“I’m very flattered,” says Susan Perlis when told her students voted her the Backstage Readers’ Choice winner for best Louisiana dance instructor. “I do enjoy teaching them, so it works both ways.”
Perlis’ passion is evident in the way she talks about those students, who range from 8-year-old beginners to dancers of all ages in her private studio. A longtime dancer with 30 years of teaching experience, Perlis focuses equally on strict technique and the simple joy of dance. In addition to working with future professional dancers as associate director of the Baton Rouge Ballet Theatre, she somehow finds time to teach at both the Dancers’ Workshop and Louisiana State University.
It’s at LSU that Perlis faces her greatest challenge as an instructor. Many of her students there are theater majors required to take a dance course, or nondancers eager to try it as an elective. Perlis enjoys teaching college students because, as she says, “They’re adults to whom I can teach the technique and full aesthetics.” Whether they’re performance-oriented or just taking dance for the sake of it, everyone emerges from a class with Perlis maintaining better posture, presence, and poise.
“It gives them a real sense of body awareness, how to move smoothly,” she says of ballet. “They learn how to take different stances through body language and gesture: ‘Am I proud? Downtrodden?’ Simply the posture can reflect those feelings.”
This is especially useful for actors looking to hone their body language, an invaluable skill in theater and film.
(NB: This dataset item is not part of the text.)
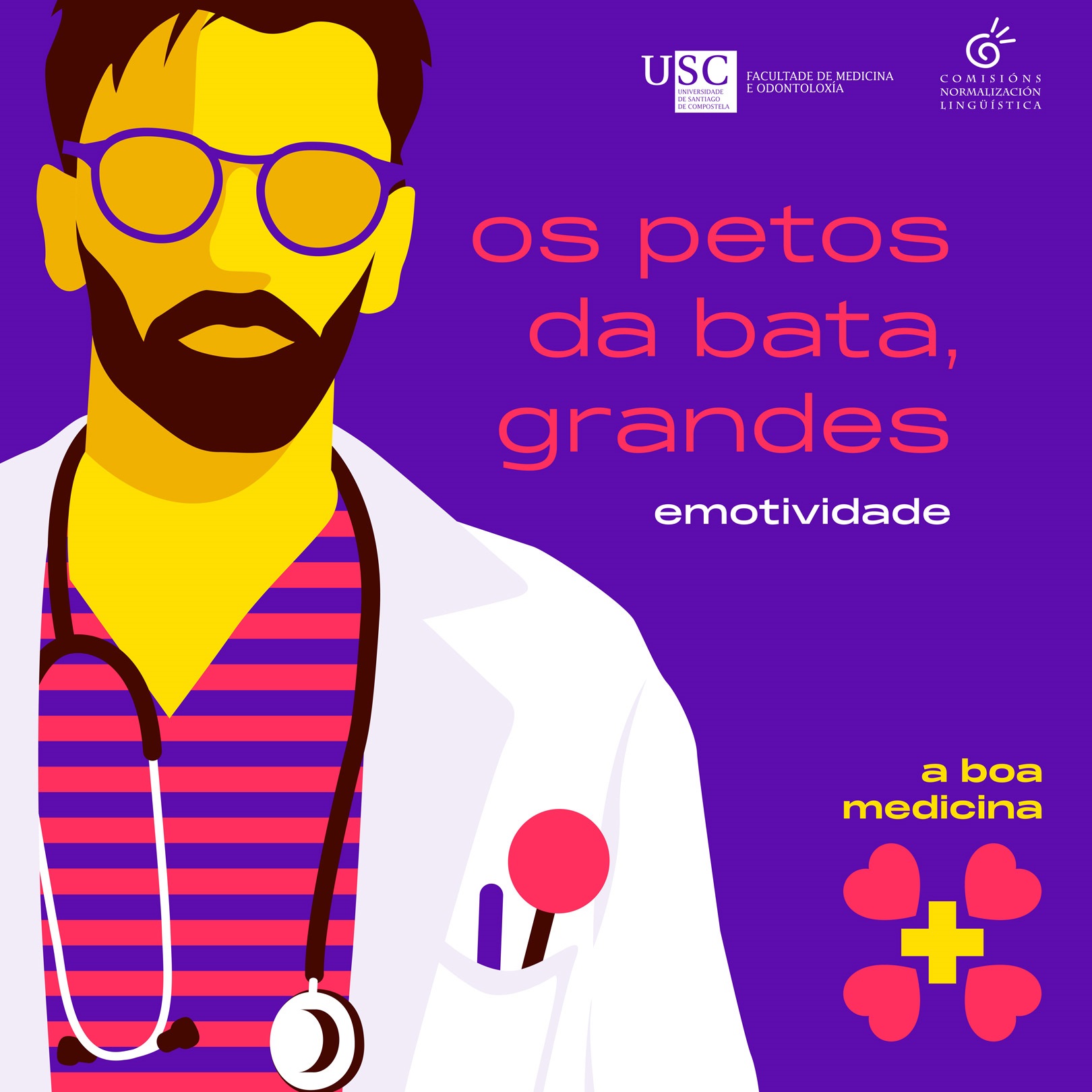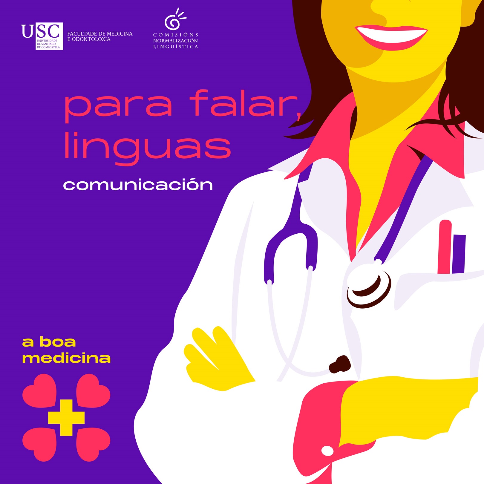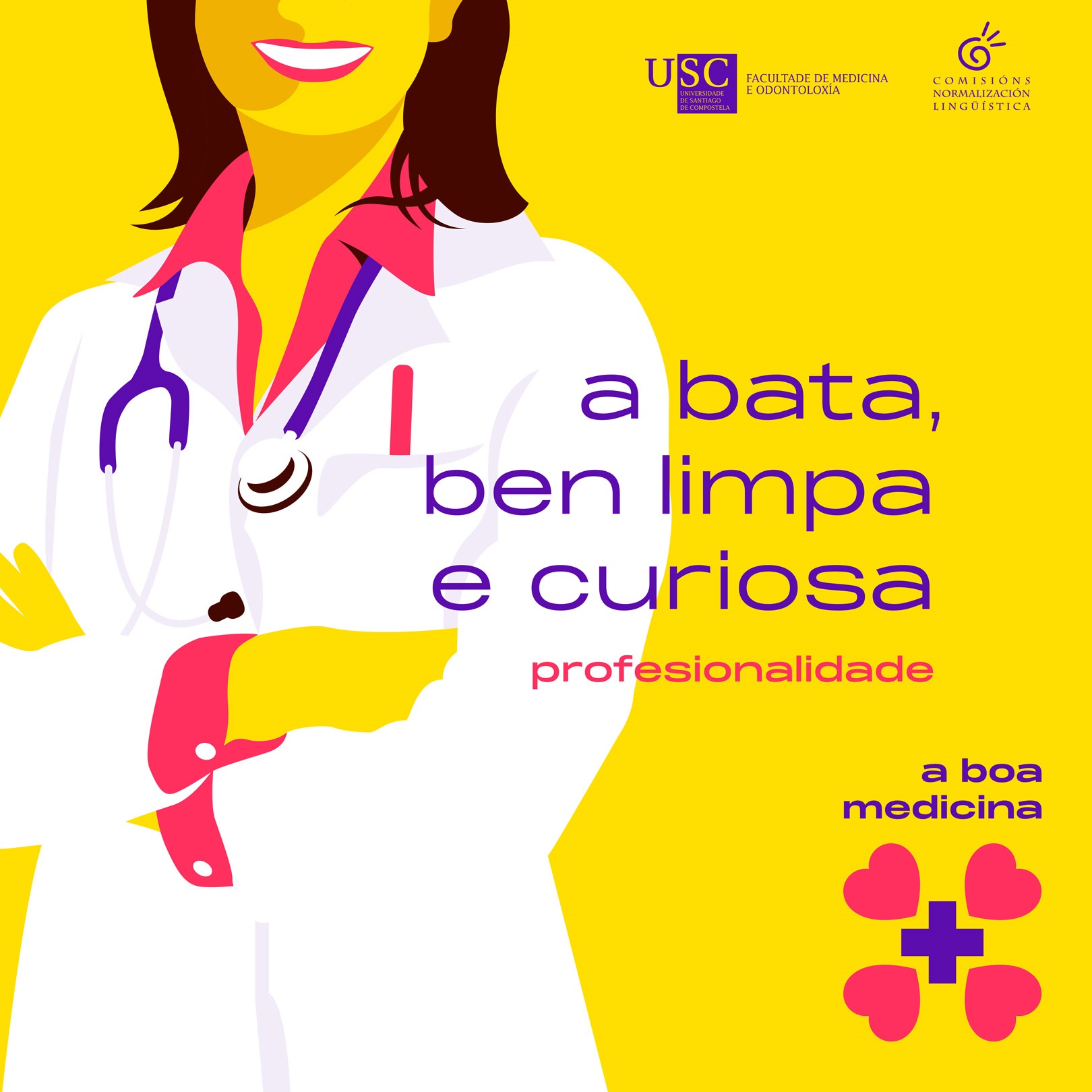 ‘A boa medicina’  conforma unha campaña propagandística de sensibilización. Consta de roll-ups, imaxes para as redes sociais, folleto de sensibilización e con información sobre os dereitos lingüísticos na USC, así como cunha actividade participativa con materiais de agasallo. A campaña xira arredor de frases ligadas coa estratexia de relacionar o respecto lingüístico e o coñecemento e uso das linguas coa profesionalidade no exercicio da medicina. O material creado pode consultarse na web da campaña.

Gesture, as Perlis points out, is “acting, completely without dialogue.” A performer who can move with that elusive quality of grace, or who studies movement in front of a mirror, accesses a plethora of additional tools in creating a character or telling a story onstage.
“A lot of times, actors are so involved with the characters that they neglect their physical fitness,” adds Perlis. “One should not ignore the simple physical benefits of dancing.” In addition to aerobic improvement, she says, dance students acquire lightning-quick reflexes. She often teaches students a choreographed routine then asks them to reverse it, stretching their brains as much as their bodies.
“I find most dancers are quite intelligent,” Perlis says. “It’s that ability to process quickly and send it back. There’s no note-taking.”
Certainly not in her rigorous classes.